2008年(31)
分类: Mysql/postgreSQL
2008-04-22 13:23:55
第8章:定期装载
本章包含定期装载。和初始化装载不同,初始化装载你只需要在开始数据仓库运作前执行一次,定期装载需要你安排一个定期装载计划来定期的载入源数据。
在本章,我将向你展示,通过运行一个脚本在我们的dw数据库中完成定期装载之前,如何准备数据。
鉴别数据源和装载类型
部署一个定期装载计划的第一个步骤是为数据仓库中的每个事实表和维度表鉴别哪些源数据是必须的以及可用的。然后,你才决定适合该装载的提取模式和载入类型。表8-1所示的范例文档概括了这些信息。
表8-1:定期装载的数据源和载入类型
Source Data 源数据 |
Data Warehouse Table 数据仓库表 |
Extraction Mode 提取模式 |
Loading Type 载入类型 |
Customer |
customer_dim |
Whole, Pull |
SCD2 on address SCD1 on name |
Product |
product_dim |
Whole, Pull |
SCD2 |
Sales order Transaction |
order_dim |
CDC (daily), Pull |
Unique order number |
sales_order_fact |
CDC (daily), Pull |
Daily sales orders | |
n/a |
date_dim |
n/a |
Pre-populate |
注你已经在第5章“源数据提取”学习了提取模式,以及在第2章“维度历史”学习了SCD2。
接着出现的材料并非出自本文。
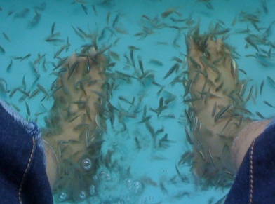 рыбок Garra Rufa, которые делают одновременно и микромассаж, и педикюр.

另外一个源数据的特性可能影响你设计,即当一个特殊的数据可以用来定期载入时的时间窗问题,这点对于事务型的源数据特别重要,因为这种源数据量通常是巨大的,比如销售订单。
另外,你需要知道每个源数据的细节特征,比如文件类型,数据结构,甚至到个别的字段。
定期装载脚本\
我将用列表8-1所示的脚本来解释如何使定期装载起作用。你可以用它以每天为周期来装载数据仓库。抽取模式和装载类型如下所示:
n customer.csv 和product.txt的固定格式文件分别通过customer_stg 和 product_stg 表为中间表载入到customer_dim和 product_dim 表中。载入是通过mysql的LOAD DATA INFILE工具完成的。
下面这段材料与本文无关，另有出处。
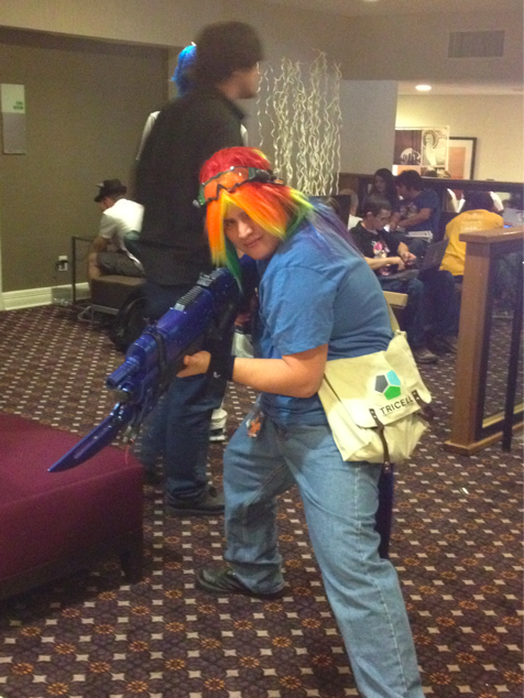 Alex has seen every My Little Pony episode and can likely recite every line. Throughout the weekend, he's carrying a handheld speaker system that's playing brony music through a bluetooth connection on his phone. He's like this guy, except he's just dressed up like this thing called a Changeling.

n SCD2被应用到客户地址,产品名称,以及产品组中。SCD1应用到客户名称中。
n 只有开始于当前时间的销售订单记录被载入到order_dim 和 sales_order_fact 表中。
列表8-1:每日的dw定期装载
/*****************************************************************/
/* */
/* dw_regular.sql */
/* */
/*****************************************************************/
USE dw;
/* customer dimension loading */
TRUNCATE customer_stg
;
LOAD DATA INFILE 'customer.csv'
INTO TABLE customer_stg
FIELDS TERMINATED BY ', '
OPTIONALLY ENCLOSED BY ' " '
LINES TERMINATED BY '\r\n'
IGNORE 1 LINES
( customer_number
, customer_name
, customer_street_address
, customer_zip_code
, customer_city
, customer_state)
;
/* SCD2 on customer street addresses */
/* first, expire the existing customers */
UPDATE
customer_dim a
, customer_stg b
SET
expiry_date = SUBDATE (CURRENT_DATE, 1)
WHERE
a.customer_number = b.customer_number
AND a.customer_street_address <> b.customer_street_address
AND expiry_date = '9999–12–31'
;
/* then, add a new row for the customer */
INSERT INTO customer_dim
SELECT
NULL
, b.customer_number
, b.customer_name
, b.customer_street_address
, b.customer_zip_code
, b.customer_city
, b.customer_state
, CURRENT_DATE
, '9999–12–31'
FROM
customer_dim a
, customer_stg b
WHERE
a.customer_number = b.customer_number
AND (a.customer_street_address <> b.customer_street_address)
AND EXISTS(
SELECT *
FROM customer_dim x
WHERE
b.customer_number=x.customer_number
AND a.expiry_date=SUBDATE (CURRENT_DATE, 1))
AND NOT EXISTS (
SELECT *
FROM customer_dim y
WHERE
b.customer_number = y. customer_number
AND y.expiry_date = '9999–12–31')
;
/* SCD1 on customer name */
UPDATE customer_dim a, customer_stg b
SET a.customer_name = b.customer_name
WHERE a.customer_number = b.customer_number
AND a.customer name <> b.customer name
;
/* add new customer */
INSERT INTO customer_dim
SELECT
NULL
, customer_number
, customer_name
, customer_street_address
, customer_zip_code
, customer_city
, customer_state
, CURRENT_DATE
,'9999–12–31'
FROM customer_stg
WHERE customer_number NOT IN(
SELECT y.customer_number
FROM customer_dim x, customer_stg y
WHERE x.customer_number = y.customer_number)
;
/* product dimension loading */
TRUNCATE product_stg
;
LOAD DATA INFILE 'product.txt'
INTO TABLE product_stg
FIELDS TERMINATED BY ' '
OPTIONALLY ENCLOSED BY ' '
LINES TERMINATED BY '\r\n'
IGNORE 1 LINES
( product_code
, product_name
, product_category)
;
/* SCD2 on product name and group */
/* first, expire the existing product */
UPDATE
product_dim a
, product_stg b
SET
expiry_date = SUBDATE (CURRENT_DATE, 1)
WHERE
a.product_code = b.product_code
AND ( a.product_name <> b.product_name
OR a.product_category <> b.product_category)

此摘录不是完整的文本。